- [What to produce]:
Using the listing below, print the line containing "Ruhige Grautöne sind", the line containing "Wiring Device-Kellems Twist-Lock®", and each line between them, exactly and nothing else. Pictures stay out of the print.

- [Input]:
::::
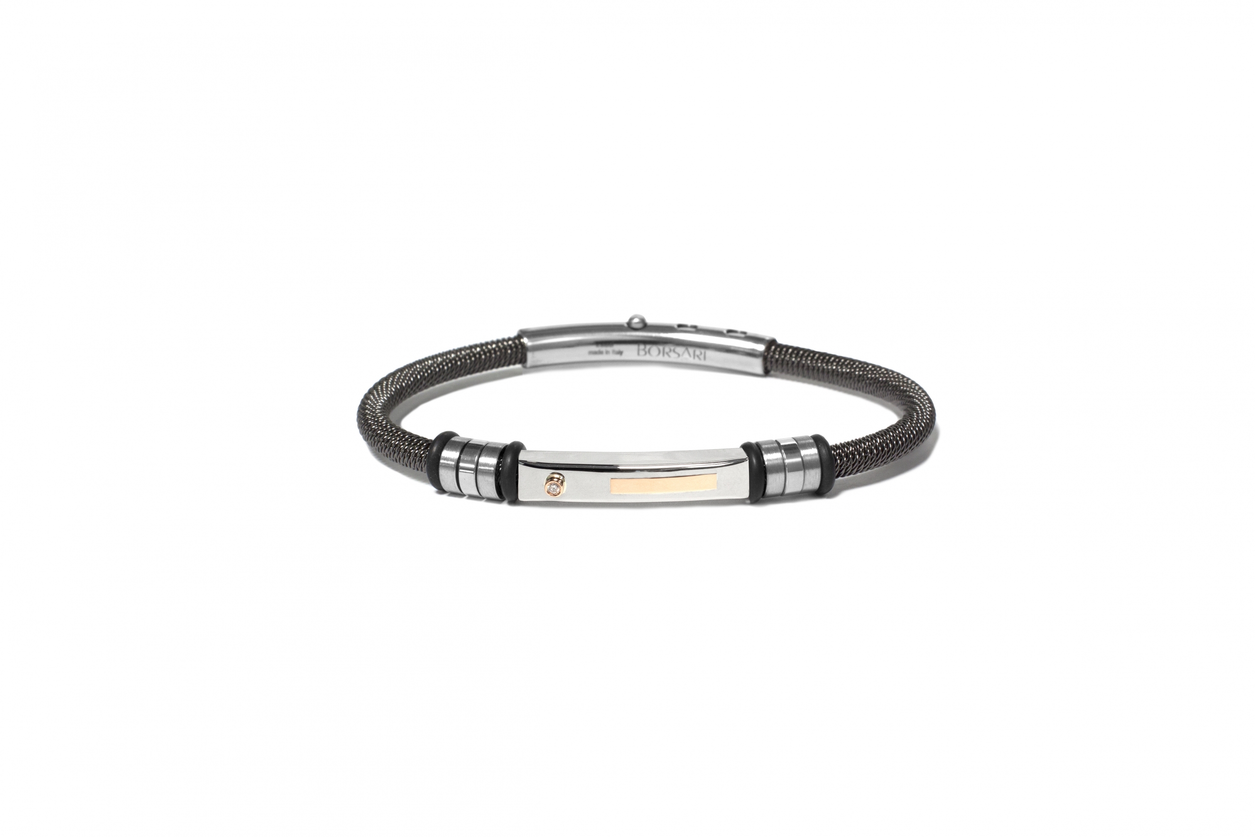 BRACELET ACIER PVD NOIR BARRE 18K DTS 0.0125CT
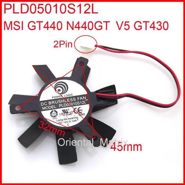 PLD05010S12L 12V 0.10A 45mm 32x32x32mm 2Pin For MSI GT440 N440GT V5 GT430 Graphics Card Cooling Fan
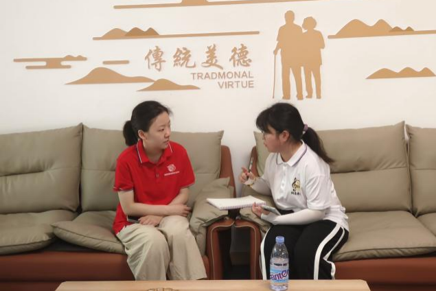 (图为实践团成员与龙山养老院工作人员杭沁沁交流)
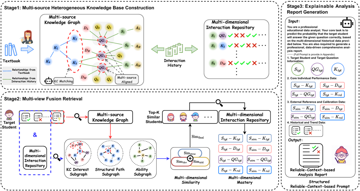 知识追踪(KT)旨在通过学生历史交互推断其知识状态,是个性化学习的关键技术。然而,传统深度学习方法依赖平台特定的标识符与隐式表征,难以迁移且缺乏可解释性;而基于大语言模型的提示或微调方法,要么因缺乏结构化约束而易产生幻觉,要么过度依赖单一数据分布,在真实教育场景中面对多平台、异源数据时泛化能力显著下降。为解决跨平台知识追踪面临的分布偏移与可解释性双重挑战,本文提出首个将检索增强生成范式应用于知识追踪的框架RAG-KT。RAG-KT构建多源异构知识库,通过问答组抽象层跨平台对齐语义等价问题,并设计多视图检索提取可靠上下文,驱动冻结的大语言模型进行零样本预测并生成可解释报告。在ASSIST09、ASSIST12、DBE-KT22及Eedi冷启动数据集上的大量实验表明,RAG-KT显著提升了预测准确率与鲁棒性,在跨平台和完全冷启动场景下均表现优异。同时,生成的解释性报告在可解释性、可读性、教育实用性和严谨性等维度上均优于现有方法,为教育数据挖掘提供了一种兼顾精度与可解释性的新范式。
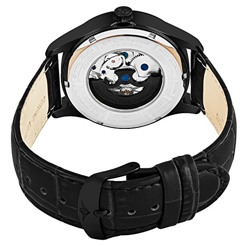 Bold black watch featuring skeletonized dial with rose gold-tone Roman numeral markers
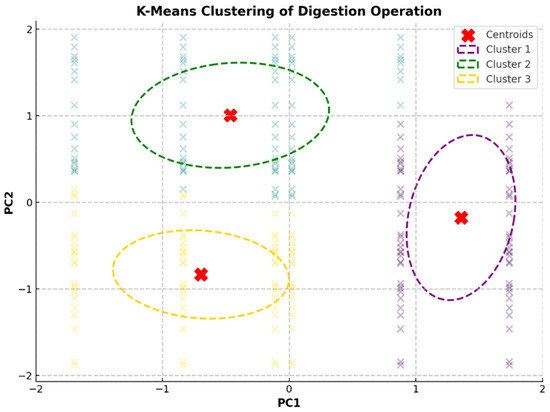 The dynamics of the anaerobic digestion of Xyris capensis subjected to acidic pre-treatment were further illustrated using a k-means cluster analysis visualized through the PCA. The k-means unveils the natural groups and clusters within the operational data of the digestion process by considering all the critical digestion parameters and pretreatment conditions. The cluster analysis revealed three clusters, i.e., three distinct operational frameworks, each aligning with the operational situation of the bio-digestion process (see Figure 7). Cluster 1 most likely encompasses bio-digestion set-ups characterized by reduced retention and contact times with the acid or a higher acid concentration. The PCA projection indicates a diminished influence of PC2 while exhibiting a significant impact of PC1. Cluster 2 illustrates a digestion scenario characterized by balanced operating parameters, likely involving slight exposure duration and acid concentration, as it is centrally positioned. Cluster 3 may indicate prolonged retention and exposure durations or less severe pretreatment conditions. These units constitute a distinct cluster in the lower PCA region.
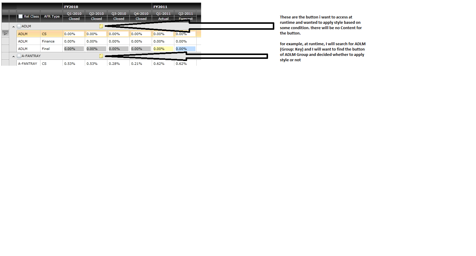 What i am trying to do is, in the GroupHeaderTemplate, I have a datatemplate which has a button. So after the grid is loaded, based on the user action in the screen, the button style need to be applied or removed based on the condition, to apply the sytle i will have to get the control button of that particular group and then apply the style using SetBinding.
::::
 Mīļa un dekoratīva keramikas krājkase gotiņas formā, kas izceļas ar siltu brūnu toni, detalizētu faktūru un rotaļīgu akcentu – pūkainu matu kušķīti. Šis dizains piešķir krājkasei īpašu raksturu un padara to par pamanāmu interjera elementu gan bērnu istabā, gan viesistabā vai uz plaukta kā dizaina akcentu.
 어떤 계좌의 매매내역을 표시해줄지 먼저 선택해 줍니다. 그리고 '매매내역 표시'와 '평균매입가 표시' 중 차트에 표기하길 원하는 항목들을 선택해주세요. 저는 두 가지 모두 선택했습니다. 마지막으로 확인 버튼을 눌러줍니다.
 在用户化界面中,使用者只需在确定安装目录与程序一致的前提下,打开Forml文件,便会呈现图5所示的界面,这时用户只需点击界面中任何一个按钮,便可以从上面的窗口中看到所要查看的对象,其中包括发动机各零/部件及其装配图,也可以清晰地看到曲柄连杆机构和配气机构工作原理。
::::
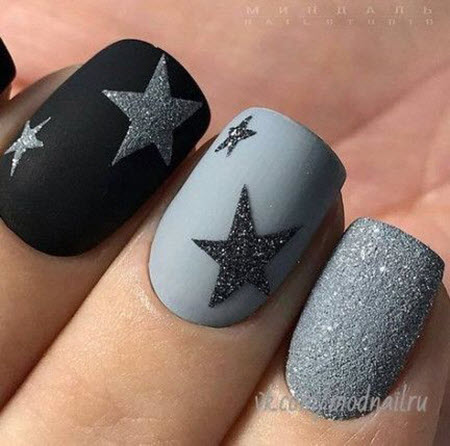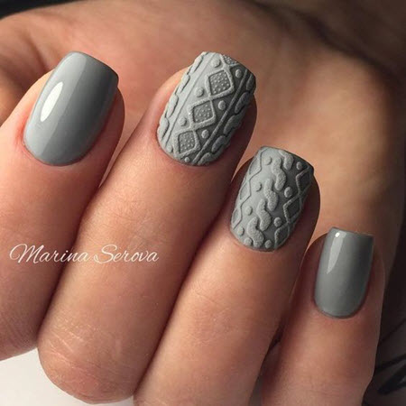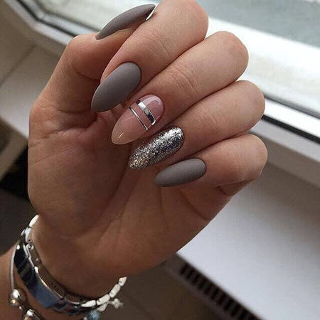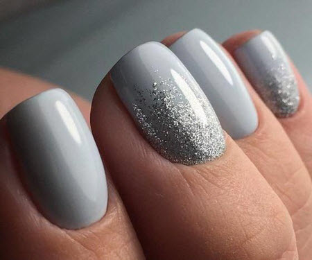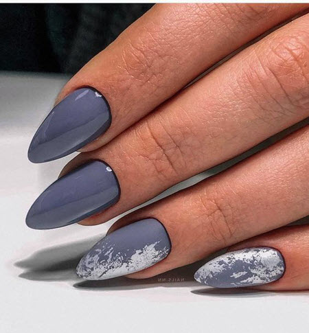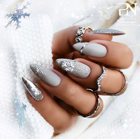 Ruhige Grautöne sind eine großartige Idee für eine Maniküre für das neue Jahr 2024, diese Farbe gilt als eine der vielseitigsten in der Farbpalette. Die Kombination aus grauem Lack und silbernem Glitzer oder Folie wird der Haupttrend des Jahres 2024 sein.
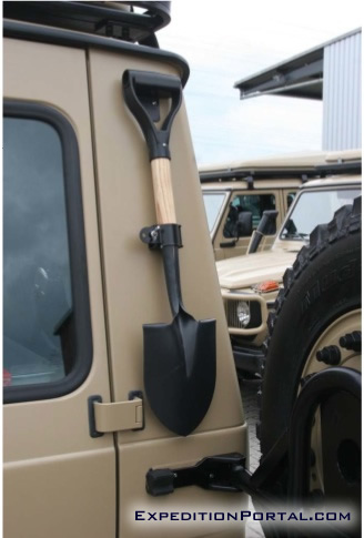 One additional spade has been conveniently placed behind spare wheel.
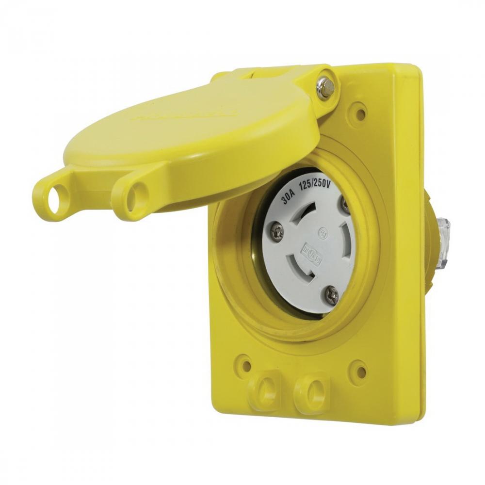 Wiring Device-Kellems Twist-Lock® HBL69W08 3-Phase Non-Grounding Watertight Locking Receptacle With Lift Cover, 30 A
::::
- [Response]:
 Ruhige Grautöne sind eine großartige Idee für eine Maniküre für das neue Jahr 2024, diese Farbe gilt als eine der vielseitigsten in der Farbpalette. Die Kombination aus grauem Lack und silbernem Glitzer oder Folie wird der Haupttrend des Jahres 2024 sein.
 One additional spade has been conveniently placed behind spare wheel.
 Wiring Device-Kellems Twist-Lock® HBL69W08 3-Phase Non-Grounding Watertight Locking Receptacle With Lift Cover, 30 A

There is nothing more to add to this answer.